Casper Niebe has long been interested in improving the way we deliver foreign aid. In 2019 he founded PolloPollo.org, a project based on a distributed ledger platform Obyte, which enables anyone to donate directly to those in need.
The front end is simple enough: a person in need creates a user profile, searches through a list of products offered by producers or merchants in their local area, and applies for a donation - a loaf of bread, say, or medical supplies. Potential donors, meanwhile, can choose from the list of applicants, and donate the requested items to the applicant.
The challenge with donating at such a distance is providing full transparency of transactions and creating trust between parties who would otherwise have no reason to trust each other. And here’s where things get seriously smart.
With PolloPollo, transactions are made over Obyte between the donor and the producer/merchant through a temporary shared wallet; the applicant then picks up the item and confirms receipt with their unique ID, enabling the producer to withdraw funds from that wallet.
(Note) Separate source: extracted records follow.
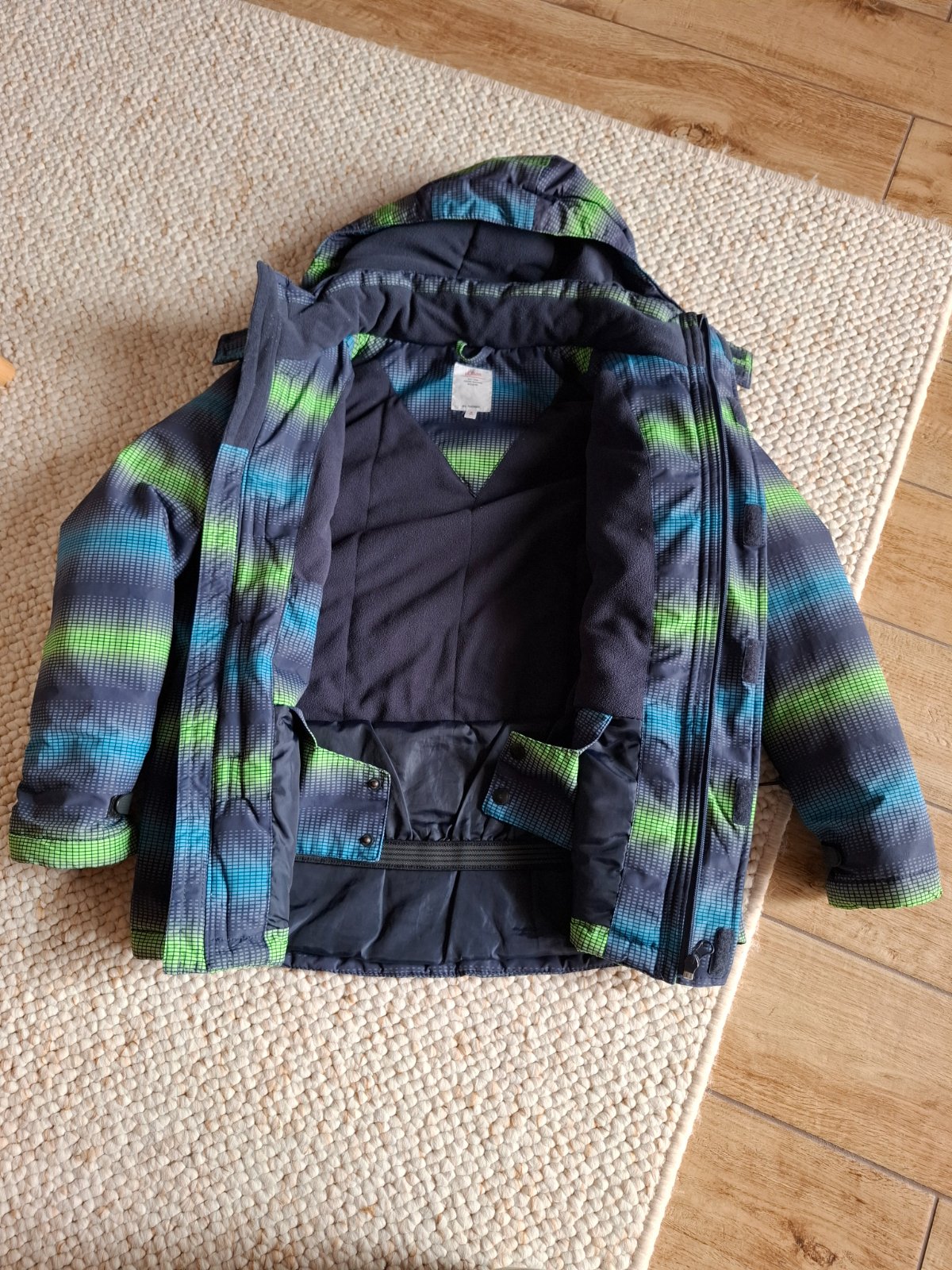 Posuvam zimnu bundu v peknom nosenom stave. Ma malu dierku na vacku a jemne vydratie. Inac bez vaznych poskodeni. Je podsita flisom.
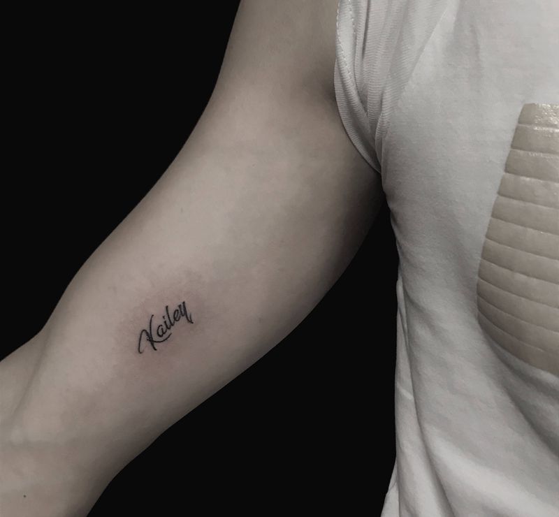 当前位置: 首页 >新疆巴音郭楞蒙古自治州纹身店-峯刺青Tattoo studio纹身图案>字母纹身图片_手臂花体字字母纹身图案
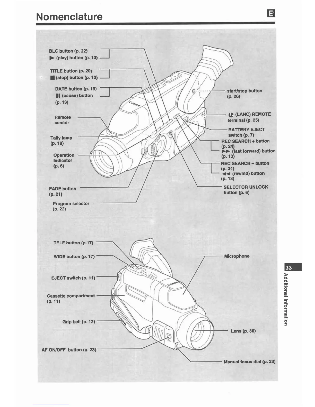 Canon UC 2000 E - Nomenclature and Displays; Camera and Remote Controls Identification
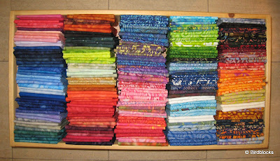 Kijk, er zit net zo'n heerlijk kleurverloop in als in mijn restjesproject. Je weet wel, de flying geese stroken van de maandag-updates (zoek maar op in de rechterkolom bij de labels: Flying geese update). Ja, ja, die gansjes zijn allemaal gemaakt van restjes, de achtergrondstof en de tussenbanen (die heb ik nog niet laten zien, is nog niet in gebruik genomen) natuurlijk niet, aangezien ik die delen wel van één stof heb gemaakt.

It sounds complicated, but the front end is based on a text- and chatbot-based interface and, crucially, only the merchant needs to have a smartphone.
“Too often technology leaves users behind,” Niebe told The Stack. “We hear a lot about banking the unbanked, but often what’s needed is to device the undeviced. In developing countries it may only be merchants or producers who are rich enough to own a smartphone, which is why we developed a way to make transactions without the applicant needing a device.”
PolloPollo is still in development, although the platform has already been used by several hundred people in hyperinflation-stricken Venezuela to receive donations for urgent items. But it provides a tantalising glimpse of the future of foreign aid: one where donors can know that every penny is going directly to those who need it most, while eliminating losses to fraud, theft and corruption.